I know this is not a quick analysis and some steps will take a long time, but all the log files I've seen on the forum and from a colleague (working on smaller fungal genomes) have Strictness is SILENT steps of <1 min.
Why is HaplotypeCaller spending so much time on this step? Could it be because of the many scaffolds and contigs in the reference genome? Is there something I can do to speed up this step (and/or the other two steps with long processing times)?

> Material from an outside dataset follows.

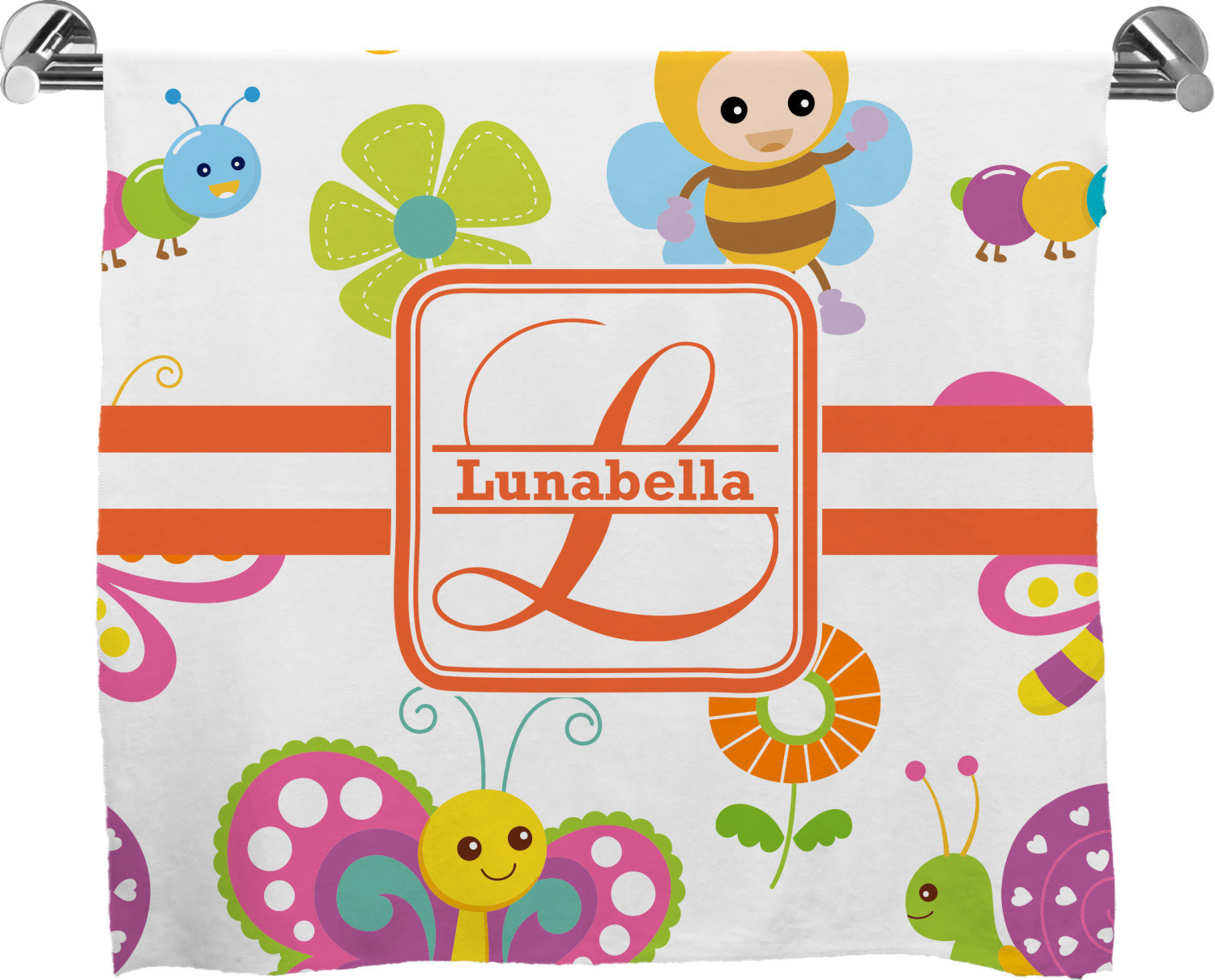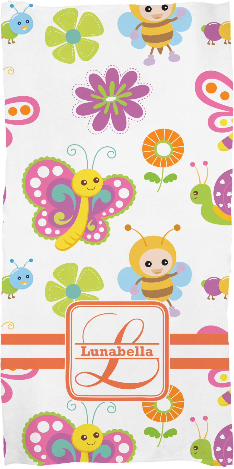 These customized bath towels are slightly larger than your standard towel and are the ideal size for wrapping around your body. They measure approximately 60" x 30". Your customization is displayed across the entire front face of the towel, while the back is white.

I am running GATK v3.6-0-g89b7209 and Java 1.8.0_73-b02. I've allocated Java 10GB of memory (-Xmx10g), but have 125GB available. Would increasing the allocated RAM (to say about 40GB) help speed up some of these steps?
The log file:
<br />INFO 21:29:46,295 HelpFormatter - ----------------------------------------------------------------------------------
INFO 21:29:46,298 HelpFormatter - The Genome Analysis Toolkit (GATK) v3.6-0-g89b7209, Compiled 2016/06/01 22:27:29
INFO 21:29:46,298 HelpFormatter - Copyright (c) 2010-2016 The Broad Institute
INFO 21:29:46,298 HelpFormatter - For support and documentation go to https://www.broadinstitute.org/gatk
INFO 21:29:46,298 HelpFormatter - [Mon Sep 25 21:29:46 SAST 2017] Executing on Linux 3.10.0-514.6.1.el7.x86_64 amd64
INFO 21:29:46,298 HelpFormatter - Java HotSpot(TM) 64-Bit Server VM 1.8.0_73-b02 JdkDeflater
INFO 21:29:46,301 HelpFormatter - Program Args: -T HaplotypeCaller -R /mnt/lustre/users/djager/buf_clean/alignment_files/bam_sorted/gatk/GATK_Deon/refs/buffalo.final.fa -I /mnt/lustre/users/djager/buf_clean/alignment_files/bam_sorted/gatk/GATK_Deon/M_47_14_aln-PE_sorted_dups_marked.bam --emitRefConfidence GVCF --variant_index_type LINEAR --variant_index_parameter 128000 -hets 0.03 -mbq 20 -stand_emit_conf 20 -stand_call_conf 30 -out_mode EMIT_ALL_CONFIDENT_SITES -nct 24 -ploidy 2 -o M_47_14_aln-PE_sorted_dups_marked_output.raw.snps.indels.g.vcf
INFO 21:29:46,307 HelpFormatter - Executing as djager@cnode0033 on Linux 3.10.0-514.6.1.el7.x86_64 amd64; Java HotSpot(TM) 64-Bit Server VM 1.8.0_73-b02.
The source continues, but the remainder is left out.